Patients and methods: Ten chronic obstructive pulmonary disease patients on home mechanical ventilation were included. Four different ventilatory settings were investigated in each patient in random order, each for 15 min, varying the inspiratory positive airway pressure and backup breathing frequency. With surface electromyography (EMG), activities of the intercostal muscles, diaphragm, and scalene muscles were determined. Furthermore, pressure tracings were derived simultaneously in order to assess PVA.
Results: Compared to spontaneous breathing, the most pronounced decrease in EMG activity was achieved with the high-pressure settings. Adding a high breathing frequency did reduce EMG activity per breath, while the decrease in EMG activity over 1 min was comparable with the high-pressure, low-frequency setting. With high backup breathing frequencies less breaths were pressure supported (25% vs 97%). PVAs occurred more frequently with the low-frequency settings (P=0.017).
Conclusion: High-intensity NIV might provide optimal unloading of respiratory muscles, without undue increases in PVA.
Keywords: electromyography, high-intensity NIV, chronic obstructive pulmonary disease, ineffective efforts
Chronic obstructive pulmonary disease (COPD) is a chronic disease with a high mortality and morbidity worldwide.1 Patients with end-stage COPD frequently develop chronic hypercapnic respiratory failure (CHRF), which is associated with end of life. In that stage of disease, treatment options are limited.
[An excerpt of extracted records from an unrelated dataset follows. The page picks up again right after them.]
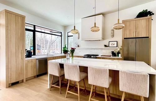 SEASONAL AVAILABILITY ONLY! The ultimate winter ski chalet getaway across directly across the street from Georgian Bay with lake access. 5 minutes to downtown Thornbury and 15 to the ski hills. This brand-new luxury chalet offers upscale style, tranquility and convenience. This 3 Bedroom, 3 Bathroom home is perched in the forest with a hot tub waiting for you. A running brook that runs through the property has a bridge that crosses over to miles of snowshoeing in the forest behind. A rec room on ground level for kids and elegant open-concept upper level with fireplace for lounging adults. Heated breezeway for easy in/out access. This ski chalet is for the discriminating who want all the comforts and style of home and so much more.
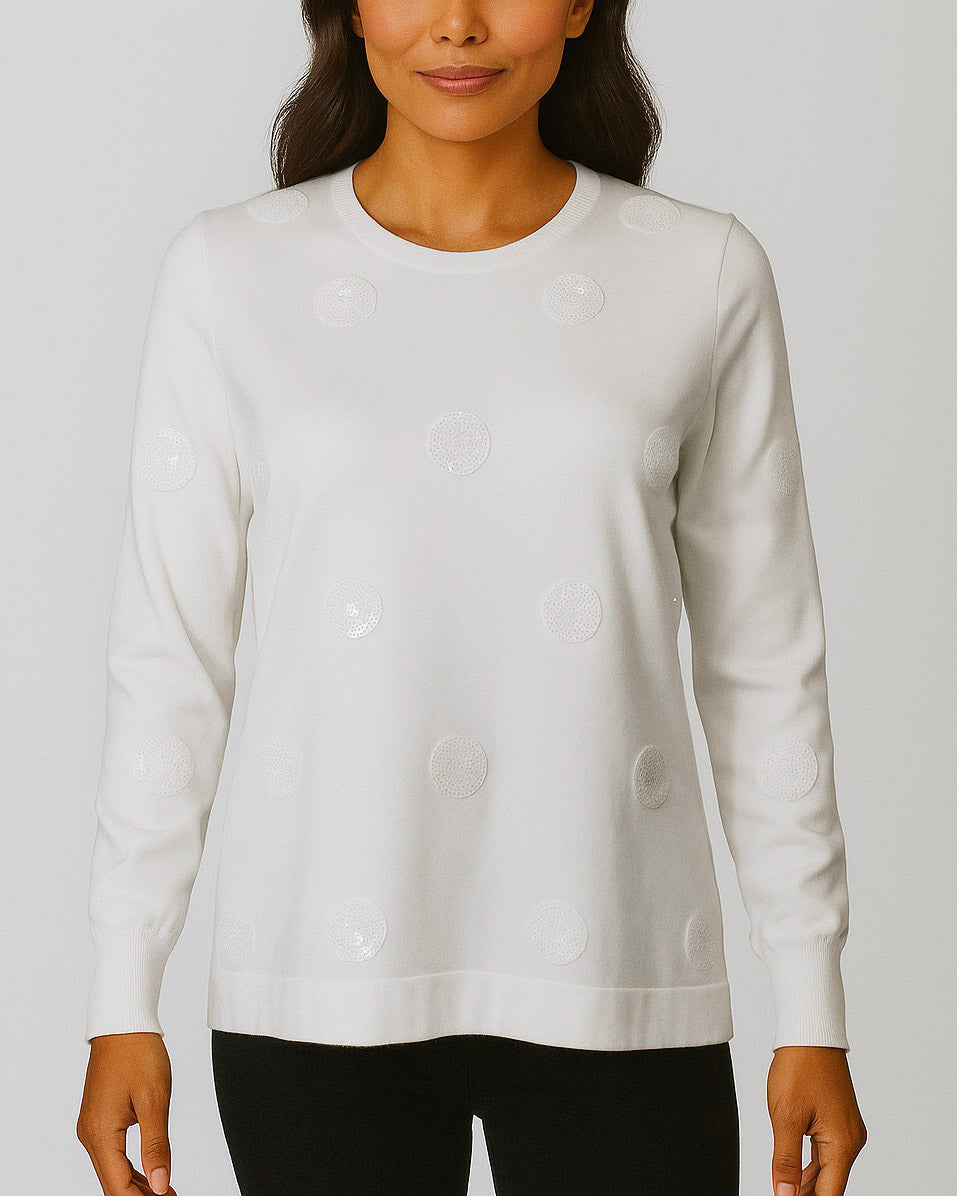Balancing ease with polish, The Cannes Sequin Top features a body-skimming fit that flatters without feeling tight. The long sleeves and crew neckline keep the silhouette clean, while the printed sequin motif adds a touch of shimmer—delivering all the sparkle, none of the fuss. Crafted in our Stolen Softness™️ Proprietary beloved yarn blend, it is lightweight and versatile, moving easily from day to night. It offers subtle shine under a blazer or worn solo for an understated statement.
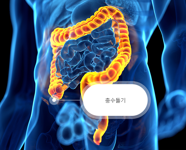 맹장의 경우 길이는 5~6cm 정도로 아주 작습니다. 대부분 충수라고 하는 작은 돌기와 같은 짧고 얇은 주머니를 가지고 있는 것으로 알려져 있는데요. 맹장의 경우 큰 창자에 있는 내용물이 작은 창자로 역류하지 못하도록 하는 기능을 하고 있다는걸 알고 계신가요!? 이러한 충수는 소화 기능을 가지고 있지는 않지만 림프 조직이 많이 존재하고 있기 때문에 감염에 대항하는 역할을 하는 것으로 알려져 있습니다.
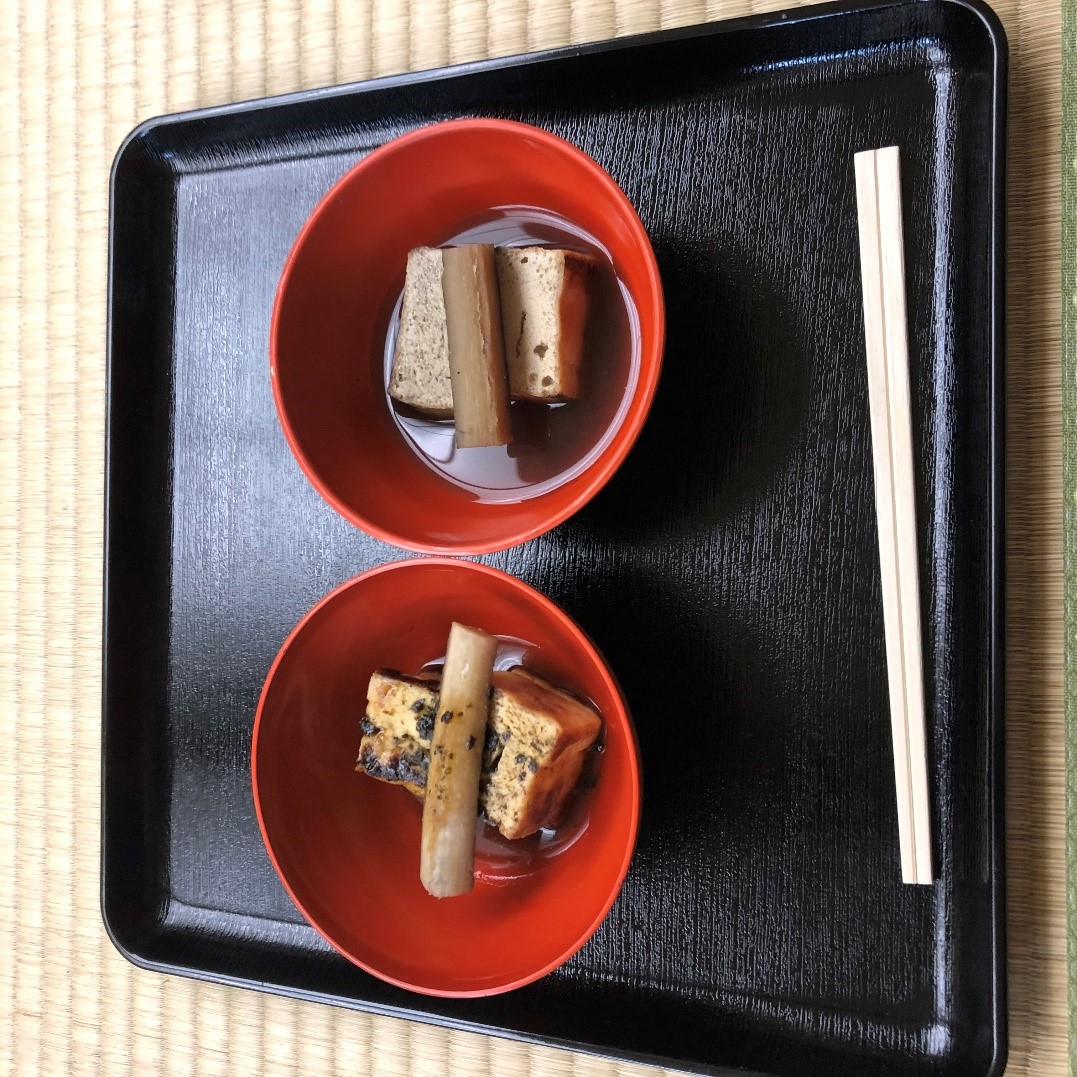 途中、少し眠気に襲われましたが、王祇祭は当屋頭人のご長寿を祝う意味でもあるので頑張りました。当屋では、お酒・お菓子・手作りの凍み豆腐が振舞われました。朝を迎えると、すこし仮眠をして、春日神社に戻られた王祇様と一緒に能を楽しみます。夕方18時に全ての斎行が終了しました。こんなに長い時間、能を鑑賞したことは初めてでしたが、目が離せない演目やしきたりが沢山あり圧倒されました。心地よい疲れの中、帰路につきました。
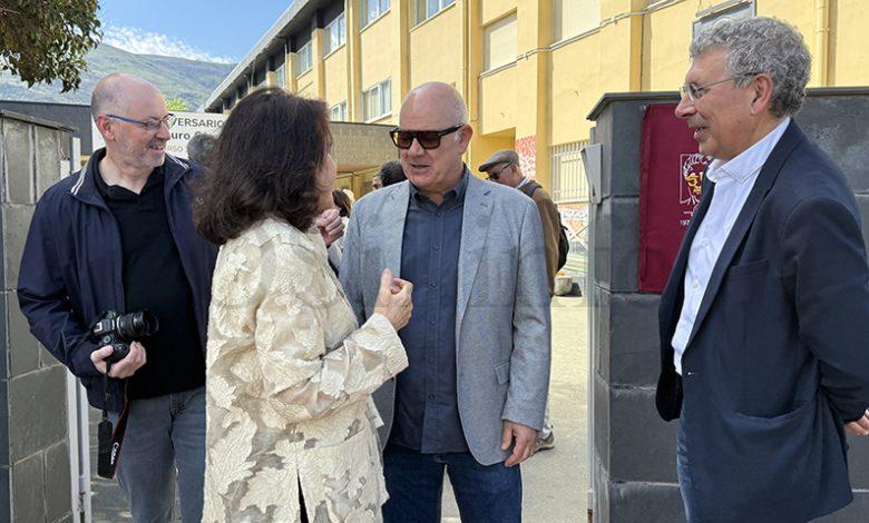 Compartindo protagonismo coa actual directora, Amparo Quiroga, estaban a primeira directora que tivo o instituto no ano 75, cando aínda non se chamaba Lauro Olmo, Amparo Folla; e outros dous ex profesores, Aurentino Alonso, alcalde do Barco e Eladio Santos, subdelegado do Goberno en Ourense. Xuntos descubrían a placa do aniversario á entrada do centro, o primeiro dos actos da xornada de celebración.
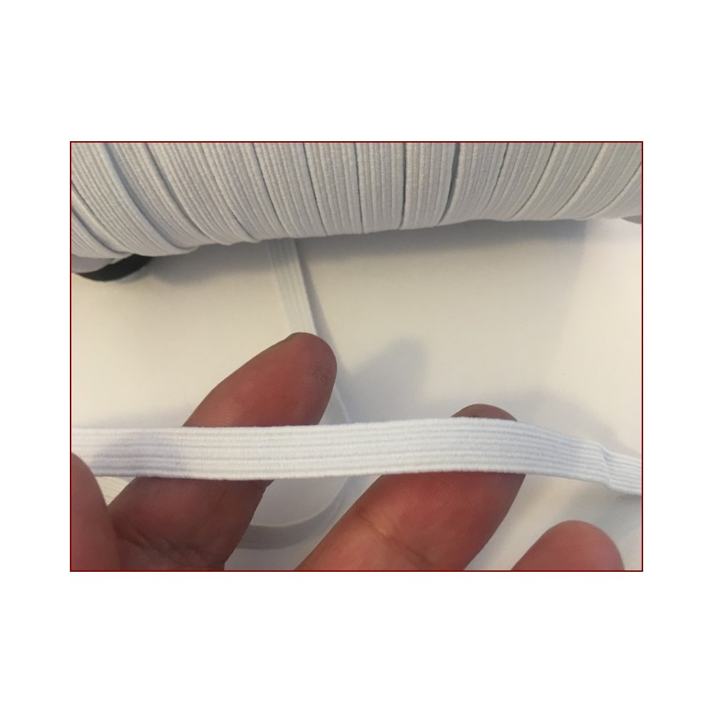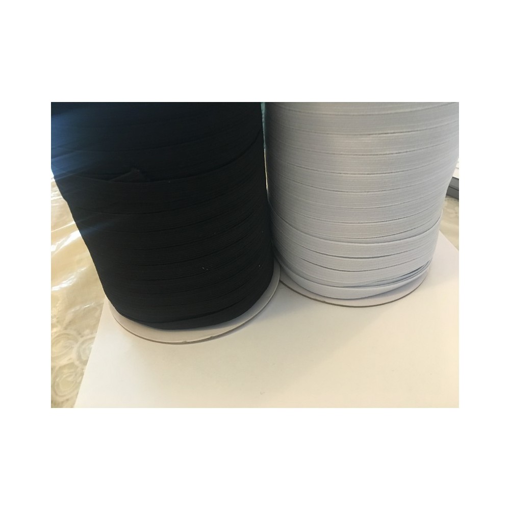 Elastique plat couture en 6 mm spéciale pour fabrication de masques de protection noir ou blanc au mètre au prix de gros. x 100 mètres.
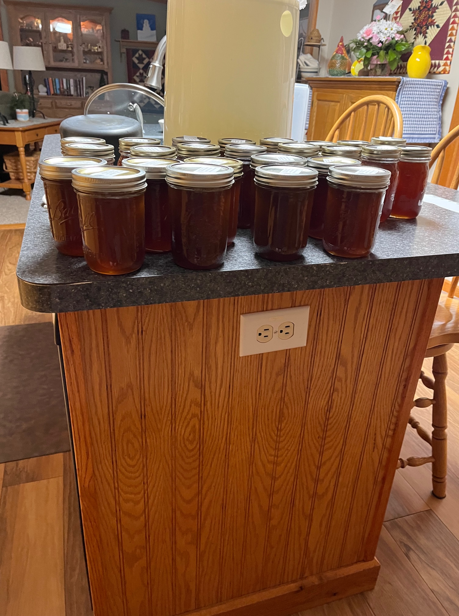 Thanks to two very good friends, we got our 2022 honey all extracted. The bees gave us 26 pints of beautiful, mostly clover honey. It is good on everything. I like it in my morning tea.

Long-term application of intermittent noninvasive ventilation (NIV) in stable hypercapnic COPD patients has long been controversial.2–8 However, with the introduction of high-intensity NIV, ie, the use of higher inspiratory positive airway pressure (IPAP) levels in combination with a higher backup breathing frequency (BF), clear benefits of long-term NIV have been shown in stable COPD patients with CHRF.9–17
However, several issues with regard to high-intensity NIV remain unknown. For example, it is unknown what the contribution of the high IPAP levels and high backup BF is to not only the positive effects (respiratory muscle unloading, improvement in gas exchange) but also the theoretical disadvantages (such as increased hyperinflation, increased patient–ventilator asynchrony [PVA]). A small crossover trial showed that high-pressure NIV compared with high-intensity NIV did not result in less improvement in gas exchange, nor were there any differences in patient compliance.18 However, respiratory muscle unloading and PVA were not assessed, patient numbers were small and drop-out substantially.
Surface respiratory electromyography (EMG) has been used by our group extensively.19,20 Recently it was shown that parasternal EMG can be used to assess PVA in patients initiated with home NIV.21 Its noninvasive character makes the method extremely useful during NIV, also for repeated measurements.
Therefore, this study aimed to assess the degree of respiratory muscle unloading and PVA by means of surface EMG during different settings of NIV in stable hypercapnic COPD patients.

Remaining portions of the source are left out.